### Problem requirements
Copy out the data below from the line containing "Hallöchen, ich wollte" to the line containing "Eladó iPad Air", both lines included, with all images left out.

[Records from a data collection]
━━━━━━

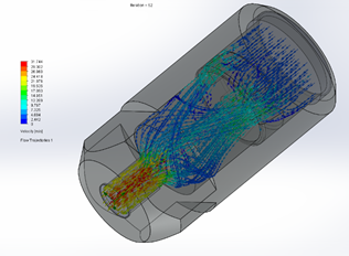 شکل (۲): CFD توزیع سرعت در نازل‌های تولید شده برای اسکرابرها
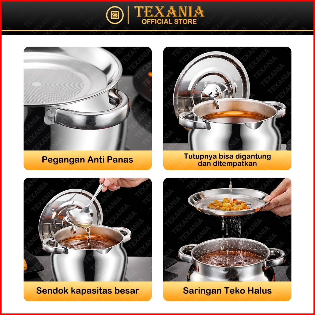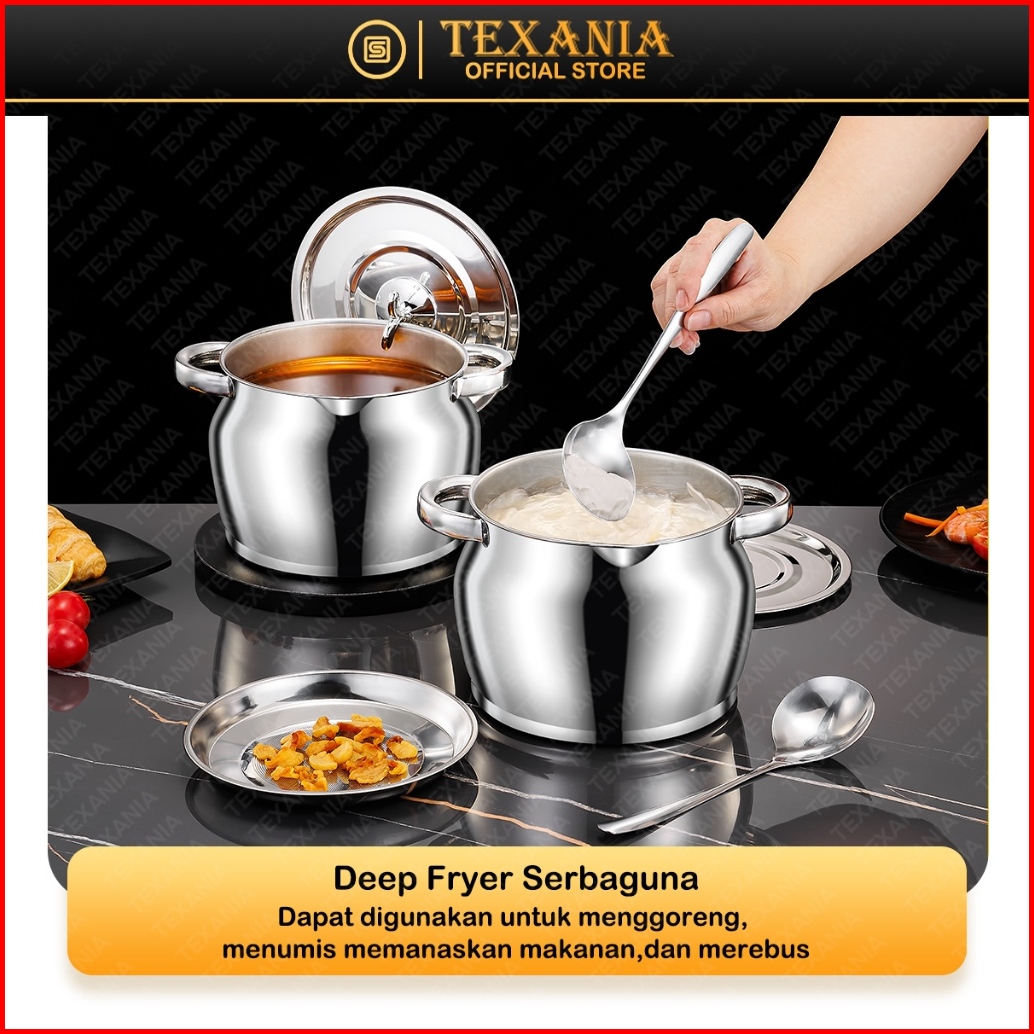 11.11 Sale Texania Deep Fryer 5in1 Wadah Penyaring Minyak Multifungsi Bahan Panci Soup Teko Stainless Steel Anti Karat T
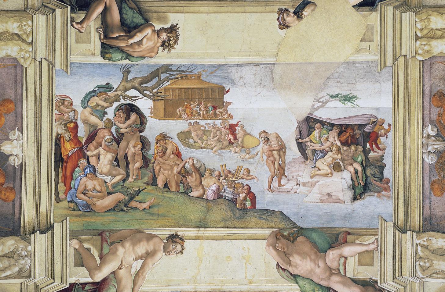 The chapel is 133 feet long, 43 feet wide, and 68 feet high, and it required a brilliant imagination to devise a scheme in which the whole vast ceiling was united. Michelangelo achieved it through a series of narrative paintings which tell the stories of Genesis until the Great Flood, and the stories of the life of Christ from the Gospel of St Matthew. He was determined to carry out the scheme virtually on his own, and, while Julius 11 agitated for its completion, Michelangelo worked for nearly four years under appalling difficulties, most of the time lying flat on his back on the scaffolding and unable to get a clear view of what he was doing. There are nearly 350 figures in the ceiling as a whole, in a wonderfully rich variety of poses which has been drawn on by artists ever since.
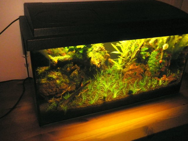 Hallöchen, ich wollte auch mal mein 54 zeigen, das ich vor etwa einem monat aufgemotzt. Ohne CO2 geht hier alles ein bisschen langsamer und die Mayaca Fluviatilis und ich haben so unsere Probleme, im Moment hält sie sich mit sehr viel Eisen doch besser als gedacht, ohne CO2 wird sie aber glaub ich nie so schön rötlich und voll aussehen....
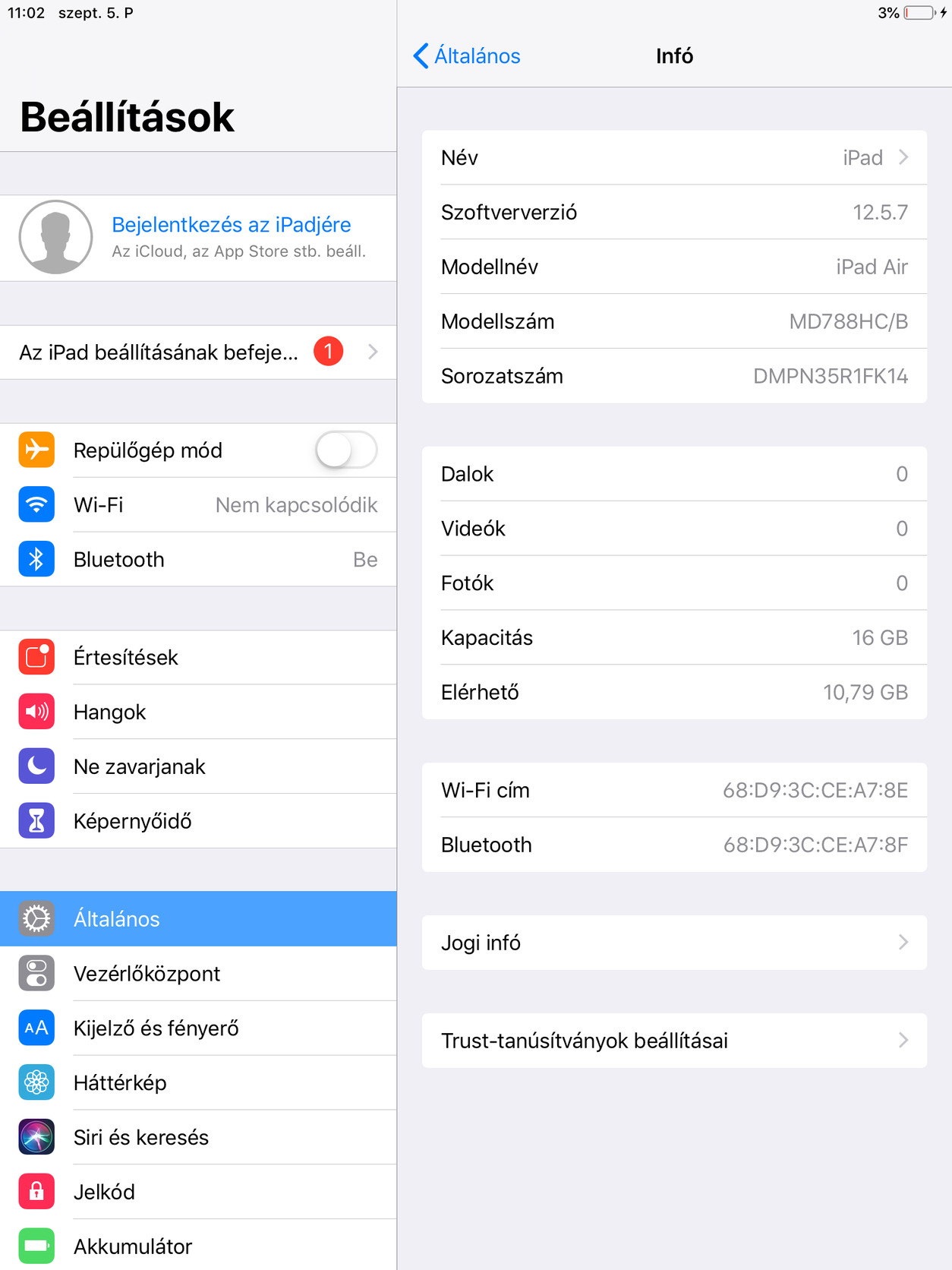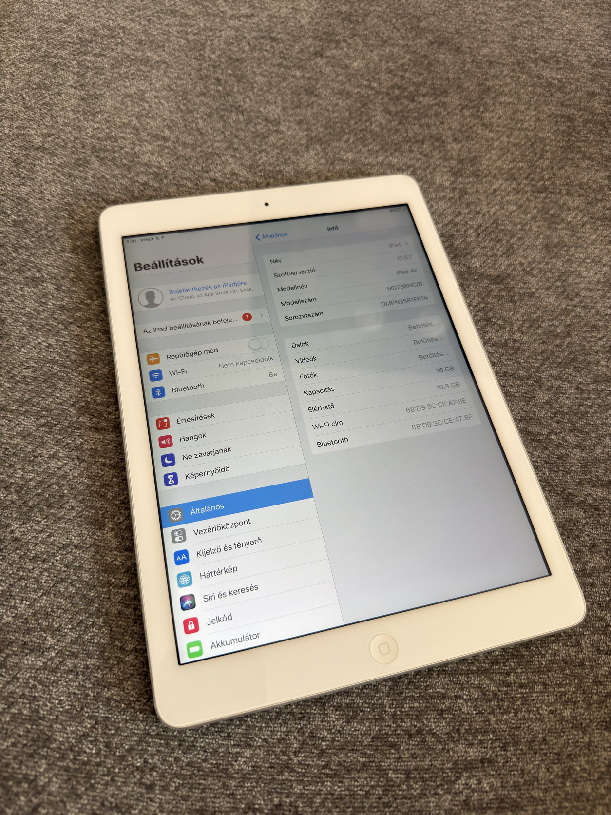 Eladó iPad Air (2014, 1. generáció – modell iPad4,1)
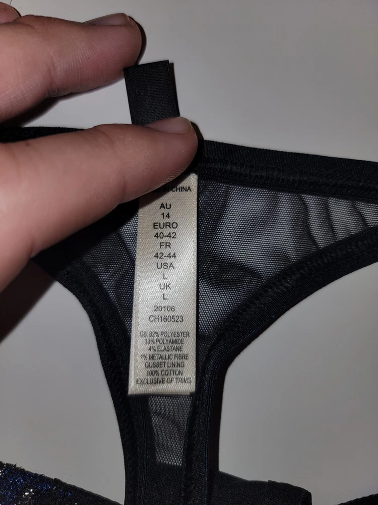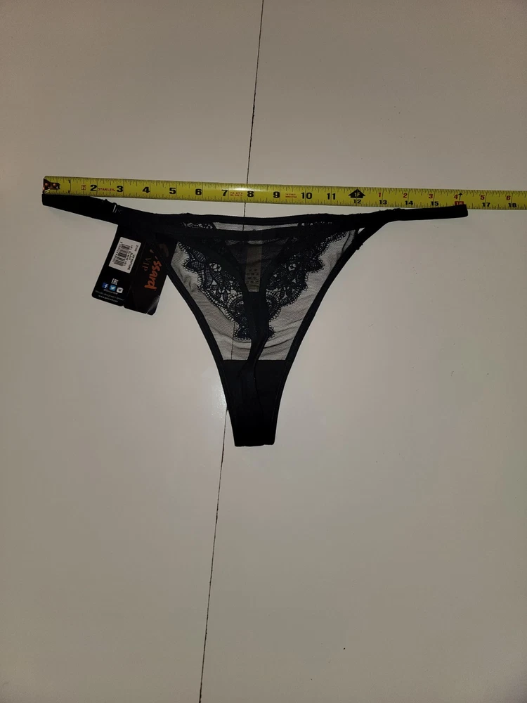 The Gossard VIP Rapture thong in size large features a semi-sheer floral lace design in black. Made of polyester, elastane, metallic fiber, polyamide, and cotton, this thong has a stylish thong/string style. Perfect for women looking for a sexy and comfortable underwear option.
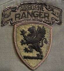 Company F, 425th Infantry was a long range surveillance unit of the Michigan National Guard that was inactivated on 12 June 2011. The company came into being in the mid-1960s when the 1st Battalion (Airborne), 225th Infantry was reflagged as Companies E and F (Ranger), 425th Infantry, and organized as Ranger companies. During this period these two companies were assigned to division and higher level commands to perform long range reconnaissance patrol missions, as opposed to the Ranger companies of today which comprise the four battalions (this includes the Special Troops Battalion) of the 75th Ranger Regiment.[1] According to the United States Army Center of Military History, it was reorganized and redesignated as the 425th Infantry Detachment (LRS) effective 1 September 2008 and was relocated from the State of Michigan Pontiac Armory to the Selfridge Air National Guard Base near Mount Clemens, 15 miles northeast of Detroit.
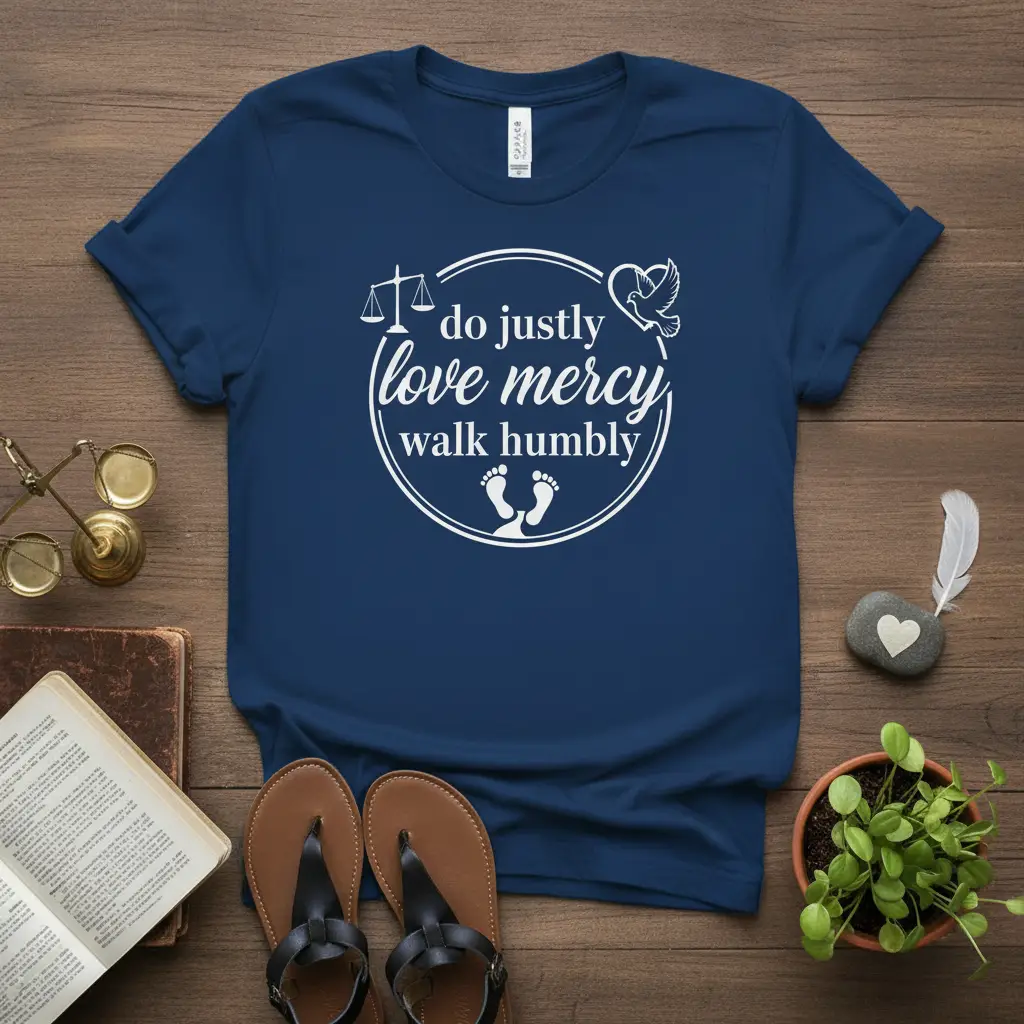 Pick from Black, Navy, Royal, Dark Heather, Red, and White to match your mood and wardrobe staples. Each colorway keeps the do justly love mercy walk humbly design clear and photo-ready for everyday wear.
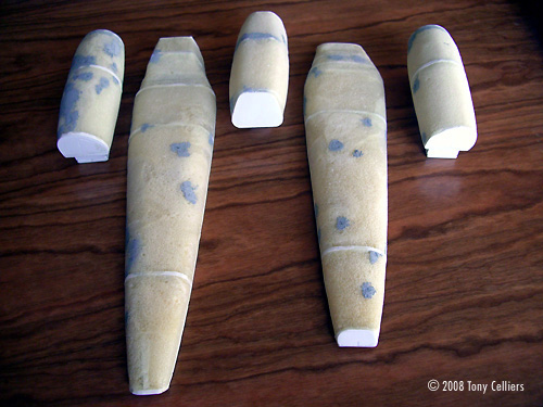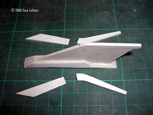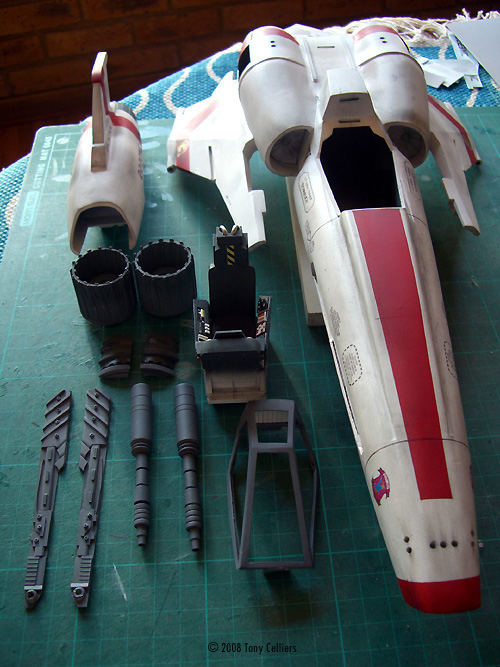 ^ Getting started: styrene and foam blanks Image: Joining the vacuformed fuselage halves Image: Adding the raised nose detail Image: Main engines joined Image: Recess for exposed engine detail Image: Rear fuselage detail affixed Image: Upper fuselage closed .... Image: ... and the lower ^ Starting the bottom extension Image: Blending it together with putty Image: lots of sanding ... Image: Landing gear pods Image: Pods in place Image: Main engine components ^ Engine details Image: Outer details in place Image: Inner detail ^ Upper engine components Image: Base for the top engine & tail Image: Ready for the engine Image: Image: Components assembled ^ Engine detail inside the top cover Image: Side detail being affixed Image: Done ^ Tail fin Image: Recessed engine detail parts ^ Adding detail to the engine recesses Image: Detail for the nose insets Image: Primed ^ Cockpit components Image: Cockpit tub Image: Rear bulkhead Image: KEW Image: Bottom/rear thruster outlets Image: Main wing parts Image: Wing to fuselage Image: Canopy construction Image: Wire details for the engine recesses ^ Completed cockpit tub Image: Components, painted and detailed Image: All together Image: Primer applied Image: Base color coats ^ Striping Image: Cockpit in place Image: Tamiya Weathering Set B - good stuff ^ Decals and weathering completed |

━━━━━━

### Response to the exercise
 Hallöchen, ich wollte auch mal mein 54 zeigen, das ich vor etwa einem monat aufgemotzt. Ohne CO2 geht hier alles ein bisschen langsamer und die Mayaca Fluviatilis und ich haben so unsere Probleme, im Moment hält sie sich mit sehr viel Eisen doch besser als gedacht, ohne CO2 wird sie aber glaub ich nie so schön rötlich und voll aussehen....
 Eladó iPad Air (2014, 1. generáció – modell iPad4,1)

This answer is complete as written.